Layla mengedikkan bahunya, pertanda ia tidak tahu. "Kau bisa lihat sendiri."
Dyana mengangguk dan segera turun. Dyana melihat ada seorang pria duduk di sofa ruang tamu. Pria itu duduk membelakanginya. Dyana berjalan pelan. Berhati-hati siapa tahu jika orang itu adalah Andreas.
Saat Dyana menapaki lantai satu. Pria itu berbalik dan benar saja, seperti dugaan Dyana pria itu benar-benar Andreas.
Dyana hendak berlari kembali ke atas. Namun, Andreas sudah memperkirakan hal itu, dan pria itu dengan cekatan meraih pergelangan tangan Dyana.
"Dyana. Dengarkan aku. Kita butuh bicara." ucap Andreas dengan suara memohon.
Dyana mencoba melepaskan tangannya. Namun, sangat sulit, tenaga pria itu lebih besar darinya.
"Lepas Andreas. Aku tidak ingin bicara denganmu. Biarkan aku pergi!" Dyana terus memberontak.
"Tidak! Kali ini aku tidak akan melepaskanmu. Kita benar-benar harus bicara sebelum semuanya terlambat."
"Tapi, aku tidak mau." ucap Dyana masih berusaha melepaskan tangannya dari Andreas. "Lepas Andreas. Kau menyakitiku."
Andreas melonggarkan cengkeramannya dari Dyana. Tapi, tidak melepaskannya.
"Ok. Tapi, aku mohon jangan lari. Aku hanya ingin bicara dengan mu." ucap Andreas lembut. Sebisa mungkin ia harus membuat Dyana merasa nyaman padanya.
"Baiklah. Tapi, aku tidak bisa lama." ucap Dyana dengan nada malas.
Andreas melepaskan pegangannya pada Dyana. Dia tersenyum lembut saat Dyana akhirnya ingin bicara padanya.
Dyana menahan napas sebentar saat melihat senyuman Andreas. Jujur baru kali ini ia melihat senyuman semanis itu. Apalagi ini adalah Andreas. Pria arogan yang sangat pelit senyum. Entah mengapa melihat itu, jantung Dyana berdetak lebih cepat. Andreas terlihat berkali-kali lipat lebih tampan saat tersenyum. Dyana yakin dia sedang terpesona saat ini.

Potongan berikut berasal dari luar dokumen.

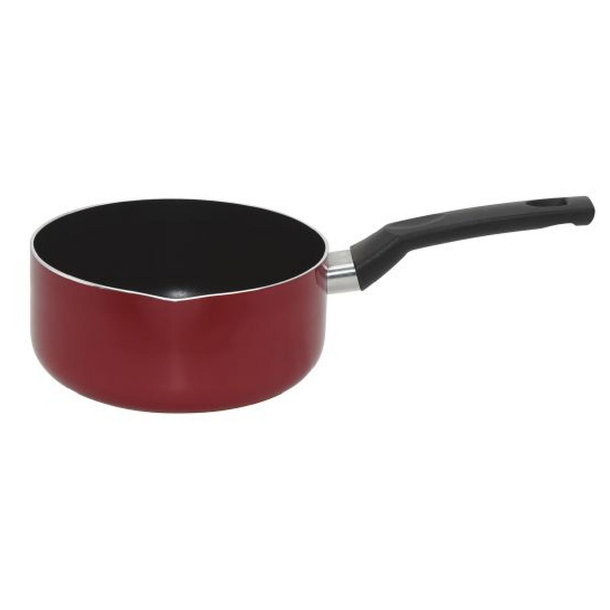 Casserole en aluminium rouge de 14 cm, compatible avec tous feux sauf induction. Revêtement antiadhésif, poignée fixe.

"Ayo!" ucap Andreas tiba-tiba membuat Dyana kembali sadar.
"Ke mana?" tanya Dyana bingung.
"Ke suatu tempat." ucap Andreas. Pria itu menarik tangan Dyana lembut keluar dari rumah.
Dyana berhenti saat mereka tiba di depan rumah. Tepatnya di cafe milik Dyana. Pelanggan lumayan banyak sore ini.
"Kenapa berhenti?" tanya Andreas.
"Bilang dulu kita mau ke mana. Bukankah kita hanya ingin bicara. Kita bisa bicara di sini, kan? "
Andreas kembali tersenyum sembari mengenggeleng. "Tapi, aku tidak bisa membicarakannya di sini. Aku sudah menyiapkan suatu tempat untuk kita berdua."
"Apa jaminannya kau tidak akan menyakitiku di sana?" ucap Dyana sarkas. Dia takut jika Andreas akan melakukan hal yang macam-macam padanya nanti.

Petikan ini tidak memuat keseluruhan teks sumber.